4.1. Coupled Ensemble Code

Create a new file coupled_ensembles.py and paste the following code:

import os
import sys
import pilot
import traceback

""" DESCRIPTION: Tutorial 3: Coupled Ensembles
Note: User must edit PILOT SETUP and TASK DESCRIPTION 1-3 sections
This example will not run if these values are not set.
"""

# ---------------- BEGIN REQUIRED PILOT SETUP -----------------

# Distributed Coordination Service - Redis server and password
REDIS_PWD   = # Fill in the password to your redis server
REDIS_URL   = "redis://%s@localhost:6379" % REDIS_PWD

# Resource Information
HOSTNAME     = # Remote Resource URL
USER_NAME    = # Username on the remote resource
SAGA_ADAPTOR = # Name of the SAGA adaptor, e.g. fork, sge, pbs, slurm, etc.
# NOTE: See complete list of BigJob supported SAGA adaptors at:
# http://saga-project.github.io/BigJob/sphinxdoc/tutorial/table.html

# Fill in queue and allocation for the given resource 
# Note: Set fields to "None" if not applicable
QUEUE        = # Add queue you want to use
PROJECT      = # Add project / allocation / account to charge

WALLTIME     = # Maximum Runtime (minutes) for the Pilot Job

WORKDIR      = "" # Path of Resource Working Directory
# This is the directory where BigJob will store its output and error files

SPMD_VARIATION = # Specify the WAYNESS of SGE clusters ONLY, valid input '12way' for example

PROCESSES_PER_NODE = # Valid on PBS clusters ONLY - this is the number of processors per node. One processor core is treated as one processor on PBS; e.g. a node with 8 cores has a maximum ppn=8

PILOT_SIZE = # Number of cores required for the Pilot-Job

# Job Information
NUMBER_JOBS  = # The TOTAL number of tasks to run

# Continue to USER DEFINED TASK DESCRIPTION to add 
# the required information about the individual tasks.

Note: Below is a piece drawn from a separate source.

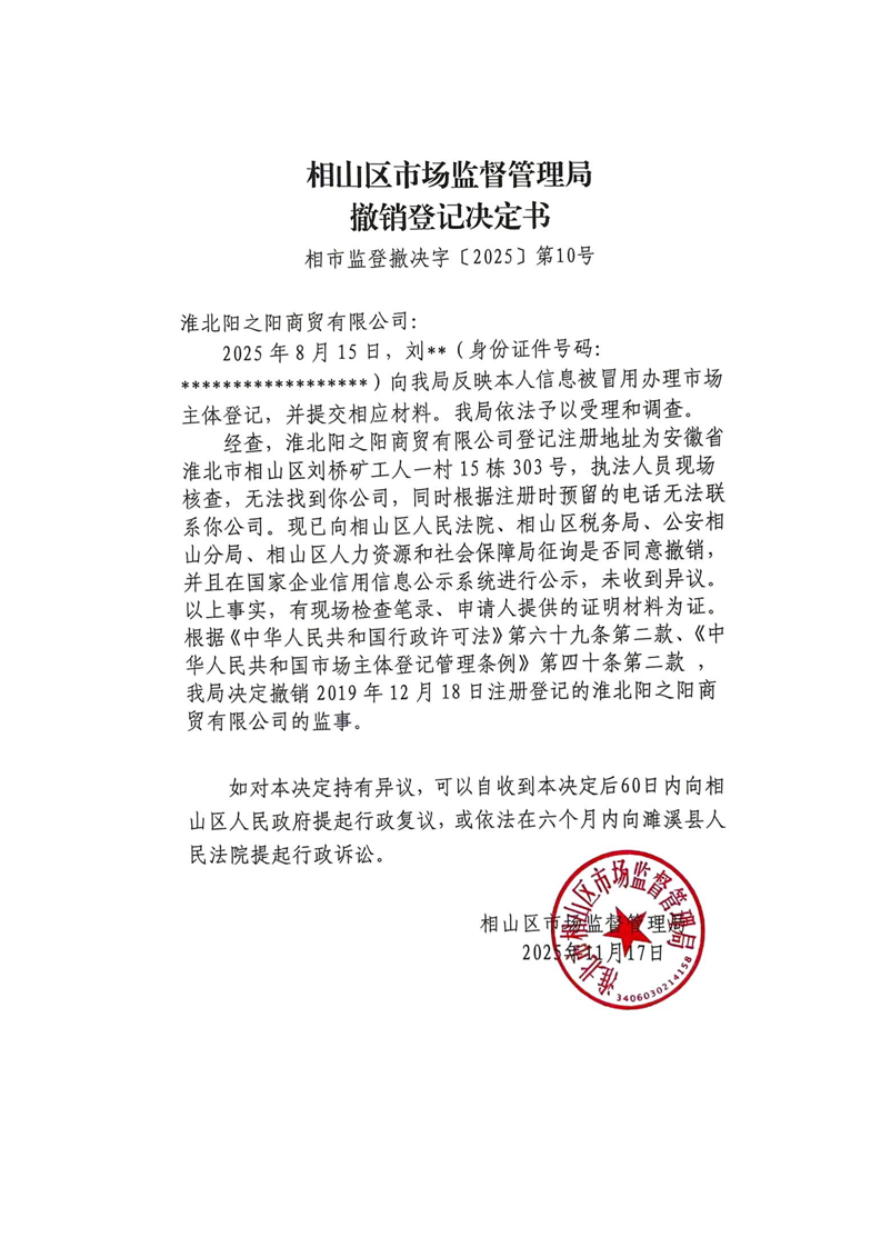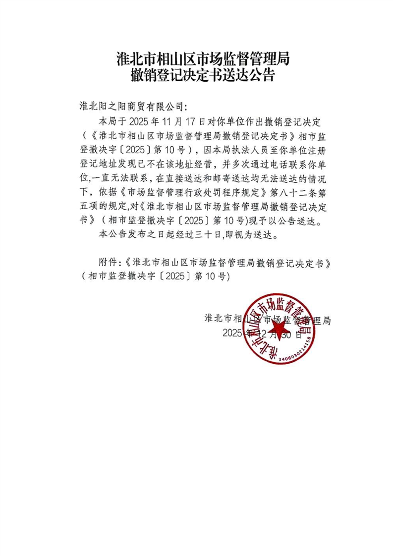 淮北市相山区市场监督管理局撤销登记决定书送达公告

# ---------------- END REQUIRED PILOT SETUP -----------------
#

def main():
    try:
        # this describes the parameters and requirements for our pilot job
        pilot_description = pilot.PilotComputeDescription()
        pilot_description.service_url = "%s://%s@%s" %  (SAGA_ADAPTOR,USER_NAME,HOSTNAME)
        pilot_description.queue = QUEUE
        pilot_description.project = PROJECT
        pilot_description.number_of_processes = PILOT_SIZE
        pilot_description.working_directory = WORKDIR
        pilot_description.walltime = WALLTIME
	pilot_description.processes_per_node = PROCESSES_PER_NODE
	pilot_description.spmd_variation = SPMD_VARIATION

        # create a new pilot job
        pilot_compute_service = pilot.PilotComputeService(REDIS_URL)
        pilotjob = pilot_compute_service.create_pilot(pilot_description)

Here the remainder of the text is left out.